Create Expiring Text Notes (Self-Destructing Links)
Send long messages, passwords, or sensitive text as a short link that auto-expires after a set time or number of views.
What Is a Self-Destructing Text Note?
A self-destructing text note is a piece of text (message, password, instructions) that you convert into a link which automatically becomes inaccessible after a condition is met — commonly after the first view, after a set number of views, or after a set time (minutes/hours/days).
Why Use Expiring Text Notes?
- One-time secrecy: Share a password or OTP without leaving permanent traces.
- Temporary access: Useful for time-limited collaboration or event details.
- Reduced leakage: Even if the link is forwarded, it stops working once expired.
- Low friction: Recipients open a link — no account required.
Quick example: Share a Wi-Fi password or a Zoom passcode via a link that
expires automatically after first view.
How It Works (High Level)
- Text is submitted to the server and stored encrypted or in transient storage.
- A short slug (example:
blinkurl.in/Ab12) is generated and returned. - The link is served to recipients. On first valid access (or after configured views/time), the server deletes the data or marks it expired.
- Visitors after expiry see a friendly “content expired” message.
Step-by-Step: Create an Expiring Text Note (BlinkURL)
- Go to blinkurl.in.
- Choose “Text Note” (or paste your message into the text box).
- Pick expiry options: one-time view, n views, or time-based (minutes/hours/days).
- (Optional) Enable password protection for extra safety.
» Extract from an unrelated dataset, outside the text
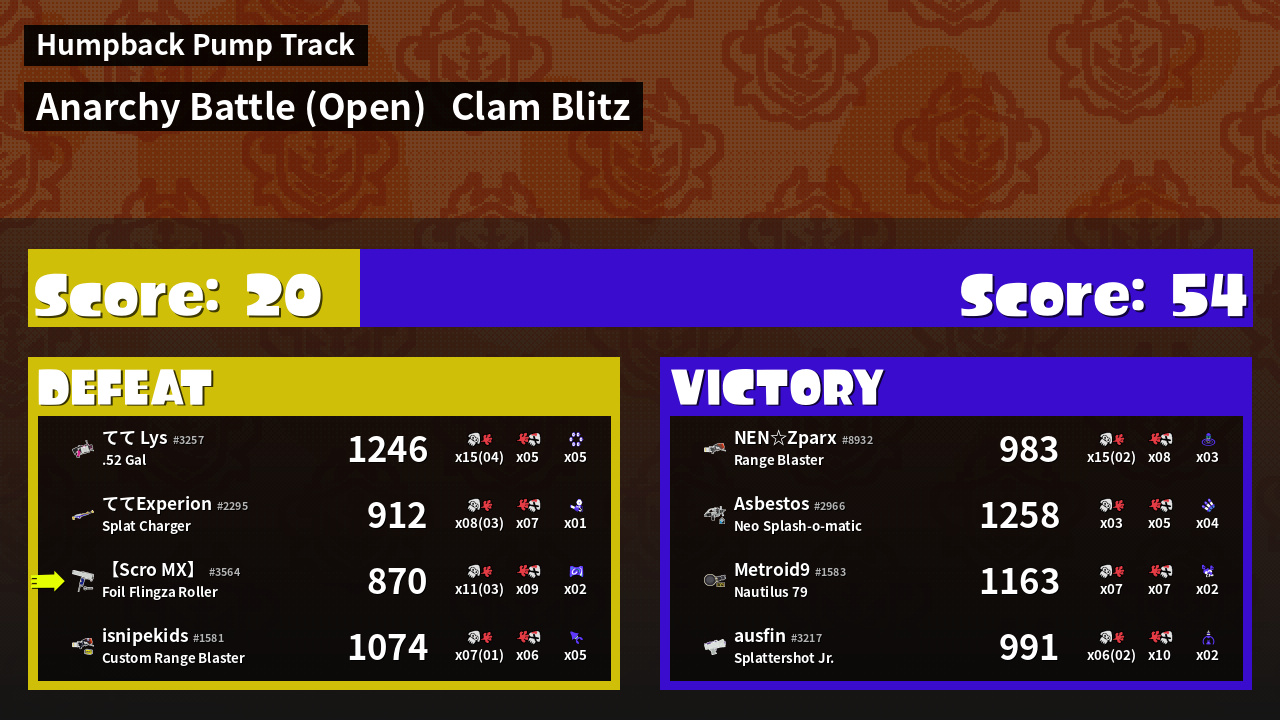 | Mode | Clam Blitz - Anarchy Battle (Open) | ||

- Click Create Note — copy the generated short link and share it.
Security reminder: Don’t include extremely sensitive data (full credit card
numbers) unless you have end-to-end encryption and strong access controls.
Best Practices
- Share the passcode separately: If you used a password, send it over SMS or a secure messenger, not the same email chain.
- Use one-time view for the most sensitive items.
- Limit permitted views: If recipients might need a second look, allow 2–3 views rather than permanent access.
- Audit — for business use, log when links were accessed and by which IP (beware privacy constraints).
Common Use Cases
- Share OTPs, temporary passwords, or payment details during P2P trades.
- Send private meeting notes or interview feedback that shouldn't remain online.
- Share promo codes or temporary credentials for a short campaign window.
How Expiring Notes Compare
| Type | Best for | Security |
|---|---|---|
| One-time view | OTP, passwords | High |
| n views | Small teams that need limited rechecks | Medium |
| Time-based expiry | Event details, short offers | Medium |
Developer Notes — Safe Implementation
If you’re building this feature, follow these security patterns:
- Store note content encrypted at rest; decrypt only on valid access.
- Use server-side expiry and view counters; do not rely on client signals.
- Hash any password with a slow algorithm (bcrypt/argon2); never store plaintext.
- Implement rate limits and monitor anomalous access patterns to detect scraping/abuse.
Want a ready-made solution? BlinkURL supports one-time and time-based expiring notes with optional password
protection — try it free.
UX Tips
- Show clear expiration messaging: “This note expires in 10 minutes / after 1 view.”
- Offer copy buttons for both link and separate password.
- Provide an option to regenerate a note (create a fresh link) instead of editing existing content.